População em situação de rua, vulnerabilidades e drogas: uma revisão sistemática
08/06/2025

Por Raique Almeida
O artigo apresenta uma análise abrangente das produções científicas sobre o uso de drogas entre pessoas em situação de rua, com ênfase nas vulnerabilidades sociais que atravessam essa população. A pesquisa adota o método de revisão sistemática e abrange 79 estudos, extraídos de bases de dados como SciELO Brasil, PePSIC, PubMed e Redalyc. A proposta central do artigo é identificar como a literatura tem abordado a relação entre a condição de rua, o uso de substâncias psicoativas e os fatores sociais implicados nesse fenômeno, como pobreza, estigma, raça e exclusão.

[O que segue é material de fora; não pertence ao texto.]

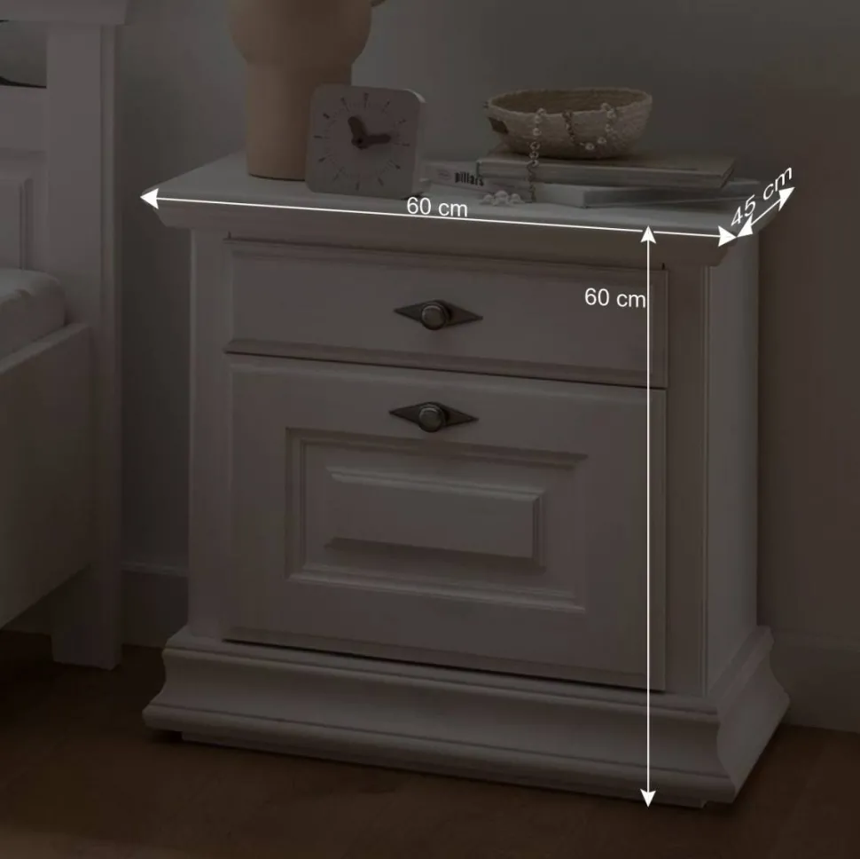 Die Nachtkommode „Beato“ verfügt über zwei geräumige Schubladen mit Metall-Vollauszug, die viel Stauraum für Ihre Utensilien bieten. Die handlichen Metall-Knopfgriffe erleichtern das Öffnen und Schließen der Schubladen, während das formschöne Sockelgestell und die dekorativ gefräste Deckplatte den charmanten Landhausstil unterstreichen.

Os resultados demonstram uma diferença significativa entre a produção científica latino-americana e a norte-americana. Nos Estados Unidos, os estudos são predominantemente quantitativos, com foco na mensuração de riscos específicos associados ao uso de drogas, como infecções, overdoses e criminalização. Já na América Latina, observa-se maior valorização das abordagens qualitativas, com destaque para metodologias participativas, como entrevistas em profundidade, observação etnográfica e grupos focais, que buscam compreender o contexto urbano e histórico que molda as trajetórias de vida das pessoas em situação de rua. Essa abordagem permite considerar as experiências subjetivas e os processos sociais que permeiam o uso de substâncias.

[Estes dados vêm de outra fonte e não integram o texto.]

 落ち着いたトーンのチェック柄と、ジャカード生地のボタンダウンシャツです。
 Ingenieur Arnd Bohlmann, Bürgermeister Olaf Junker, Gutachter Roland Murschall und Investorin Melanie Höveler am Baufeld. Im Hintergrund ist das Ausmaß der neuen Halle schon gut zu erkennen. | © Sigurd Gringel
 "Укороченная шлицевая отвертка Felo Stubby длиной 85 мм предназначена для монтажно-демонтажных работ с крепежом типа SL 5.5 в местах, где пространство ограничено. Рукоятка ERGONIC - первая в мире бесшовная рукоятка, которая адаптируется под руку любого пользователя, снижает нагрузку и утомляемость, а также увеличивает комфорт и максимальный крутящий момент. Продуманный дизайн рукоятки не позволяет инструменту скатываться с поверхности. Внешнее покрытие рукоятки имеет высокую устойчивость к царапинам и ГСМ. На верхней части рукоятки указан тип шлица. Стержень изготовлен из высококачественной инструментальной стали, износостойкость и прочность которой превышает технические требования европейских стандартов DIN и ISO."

O artigo também chama atenção para a fragilidade conceitual presente nos estudos analisados, especialmente no que diz respeito às categorias de “risco” e “vulnerabilidade”. Os autores apontam que essas noções, embora recorrentes, muitas vezes são tratadas de maneira isolada, sem articulação com os múltiplos determinantes sociais que influenciam a vida dessa população. Diante disso, os autores defendem a construção de uma nova categoria analítica que permita uma compreensão mais integrada do fenômeno, considerando aspectos estruturais como desigualdade social, racismo, violências institucionais e ausência de políticas públicas eficazes.
A conclusão do artigo propõe uma revisão crítica dos modelos de intervenção que tradicionalmente têm pautado as ações voltadas à população em situação de rua. Os autores sugerem a formulação de estratégias baseadas em uma perspectiva intersetorial, que envolva políticas de saúde, assistência social, habitação e direitos humanos, sempre pautadas pela redução de danos, pela escuta qualificada e pelo respeito às singularidades dos sujeitos. Além disso, destacam a importância de romper com visões moralizantes e individualizantes que culpabilizam os adictos, reforçando estigmas e barreiras ao acesso a serviços. A revisão sistemática apresentada pelos autores contribui de maneira relevante para a compreensão crítica da complexa relação entre rua, drogas e vulnerabilidade social, apontando caminhos para uma atuação mais justa, eficaz e humanizada no campo das políticas públicas.
Referência:
MENDES, Kíssila Teixeira; RONZANI, Telmo Mota; PAIVA, Fernando Santana de. População em situação de rua, vulnerabilidades e drogas: uma revisão sistemática. Psicologia & Sociedade, Belo Horizonte, v. 31, e169056, 2019.